Glass, a non-metal amorphous solid, has been here and there in peoples’ daily life. Despite of its broad applications, glass had been a great challenge for scientists ever since nanoscience and material science started booming with new discoveries back in 1910s. Unlike crystals, another class of matters that has organized and repetitive 3D structures, glass is the “naughty” kid who has shown no signs of behaving at all (being neither rigid nor symmetric). Until March 2021, a UCLA-led research team reported the first-ever 3D atomic structure of an amorphous solid.
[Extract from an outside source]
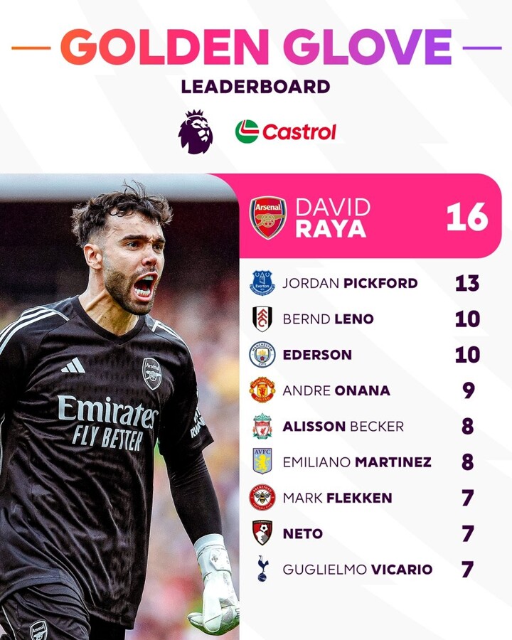 David Raya claimed the Golden Glove award, playing a vital role in Arsenal's league-leading defensive record! Copyright Declaration
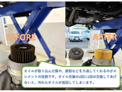 メーカー推奨は1万~1万5千キロとは言われていますが、最近の車は、燃費を重視したエンジン設計になっている車両が多く、0W20 、0W16などの柔らかいオイルが使われています。こういったオイルは、交換を怠ってしまうと粘度が下がってしまいエンジンの中に油膜という保護膜が作れなくなってきます。その状態が続くとエンジンの内部が摩耗して、オイルがガソリンと一緒に燃えてしまいオイル消費しやすくなってしまいます。なので、我々は従来の推奨通りの半年又は5000㎞毎の交換をお勧めさせて頂いております。(オイルエレメントはオイル交換の2回に一回交換してあげてくださいね)

Theoretically, if the material and location of every single atom are known, then the physical properties of the material could be predicted (Voyles, 2021). Traditional method for producing 3D images of crystals used atomic electron tomography (AET) where a series of 2D images is produced by passing a beam of electrons through metallic glass sample under variable altering orientations, then they are reconstructed to 3D atomic structure. But due to the nature of glasses, they lack long-range order meaning their atoms are arranged randomly. This phenomenon forced scientists to create a unique method for producing 3D images of amorphous solids. Since every cubic nanometre of a glass has a unique structure, the team had to adopt a different strategy (Voyles, 2021). They used several impressive computational imaging techniques, including image preprocessing and denoising, specifically methods to correct distortions and to reduce Poisson and Gaussian noise. After acquiring 2D images of sample from altering orientations, they followed up a versatile procedure to determine 3D atomic coordinates and refined them (Yang et al., 2021). At the end, they used an advanced iterative RESIRE algorithm to reconstruct the atomically resolved 3D image (Yang et al., 2021). Although the team could not directly trace the element for each atom, they were able to classify eight elements into three groups in which each atom was assigned to (Voyles, 2021).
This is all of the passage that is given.